Lá onde os Institutos já estão empenhados em apostolados comunitários, tais como a educação e a saúde, eles deveriam ser encorajados e ajudados a continuar. A sensibilidade pelas novas necessidades e os novos pobres, sempre louvável e necessária, não deveria porém fazer transcurar os antigos pobres, quantos têm necessidade de uma autêntica educação católica e os doentes. Devereis também encorajar os religiosos a prestarem uma explícita atenção à dimensão especificamente católica das suas actividades. Só sobre esta base, as escolas e os centros católicos de instrução superior serão capazes de promover uma cultura impregnada dos valores e da moral católicos; só deste modo as estruturas sanitárias católicas garantirão que os doentes e os necessitados sejam curados «pela salvação de Cristo» e segundo os princípios éticos e morais católicos.

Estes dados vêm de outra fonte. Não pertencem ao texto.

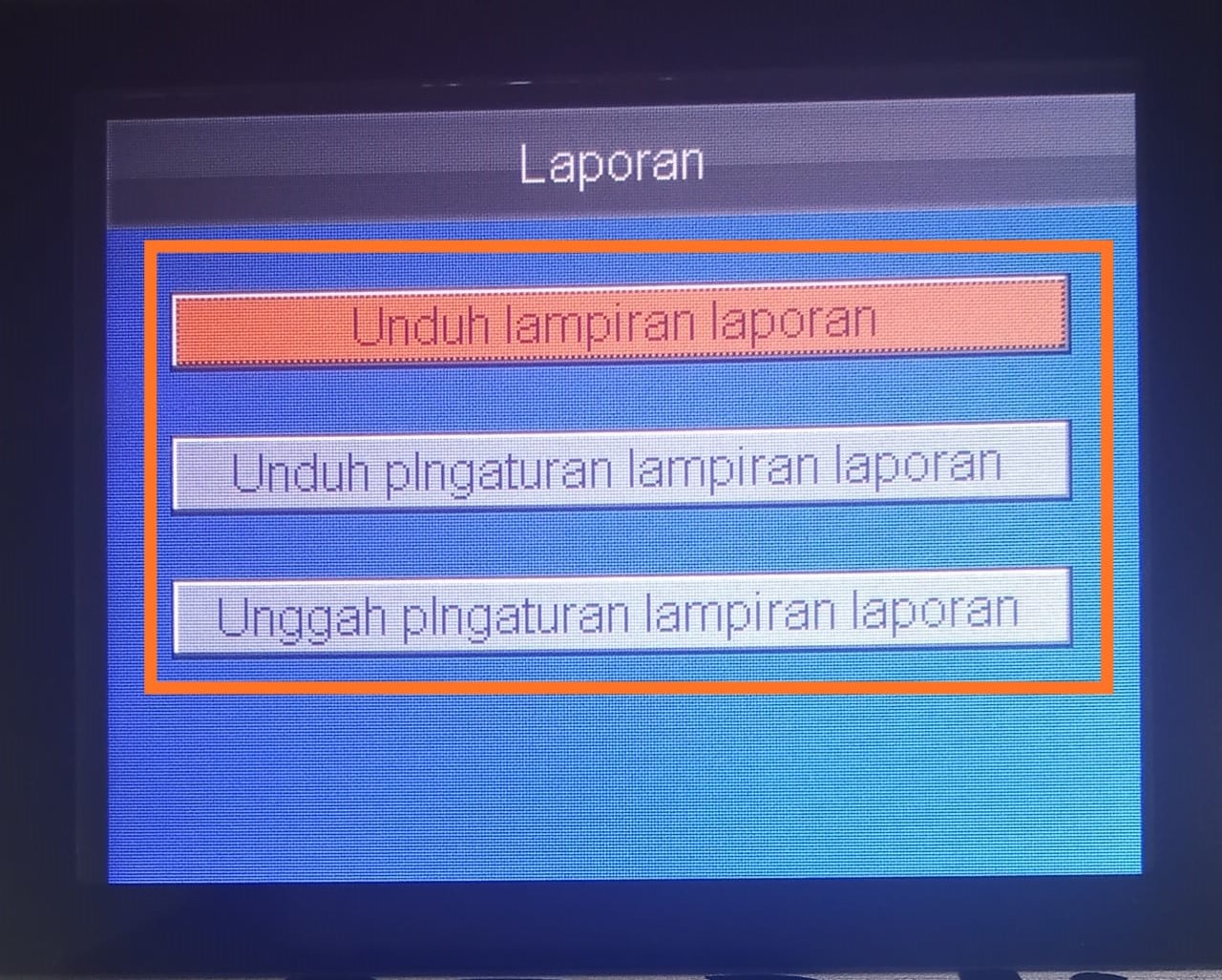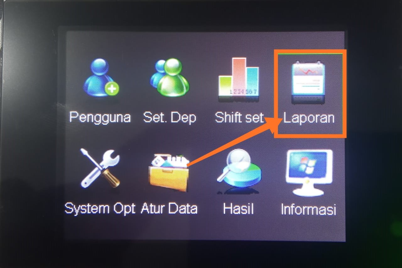 - Arahkan menggunkan tombol cursor kanan ke menu Laporan, kemudian tekan tombol M/OK untuk masuk ke menu tersebut.

Alguns desafios a enfrentar

5. Em muitas Dioceses a vida consagrada está a enfrentar o desafio posto pelo declínio do número dos seus membros e pelo avançamento da idade. Os Bispos nos Estados Unidos já demonstraram a própria disponibilidade a oferecer assistência, e os fiéis católicos a grande generosidade em fornecer apoio económico aos Institutos religiosos com particulares necessidades neste sector. As próprias comunidades religiosas devem reafirmar a confiança no seu chamamento e, contando com a ajuda do Espírito Santo, repropor o ideal de consagração e de missão. Uma apresentação dos conselhos evangélicos baseada apenas na sua utilidade e conveniência para uma particular forma de serviço não é suficiente. Somente a experiência pessoal, através da fé, de Cristo e do mistério do seu Reino em acção na história humana pode fazer com que o ideal chegue vivo às mentes e aos corações de quantos poderiam ser chamados. Ao aproximar-se o novo Milénio, a Igreja tem urgentemente necessidade de uma vida religiosa vital e entusiasta, que mostre de maneira concreta a soberania de Deus e dê ao mundo testemunho do valor transcendente do dom total de si na profissão dos conselhos evangélicos » (Vita consecrata VC 16), dom que brota da contemplação e do serviço. Este é, sem dúvida, o tipo de desafio ao qual os jovens responderão. Se é verdade que a pessoa se torna ela mesma através do dom sincero de si (cf. Gaudium et spes GS 24), então não se deveria hesitar em chamar os jovens à consagração. Com efeito, trata-se de uma chamada a uma maturidade e realização cristãs e plenamente humanas.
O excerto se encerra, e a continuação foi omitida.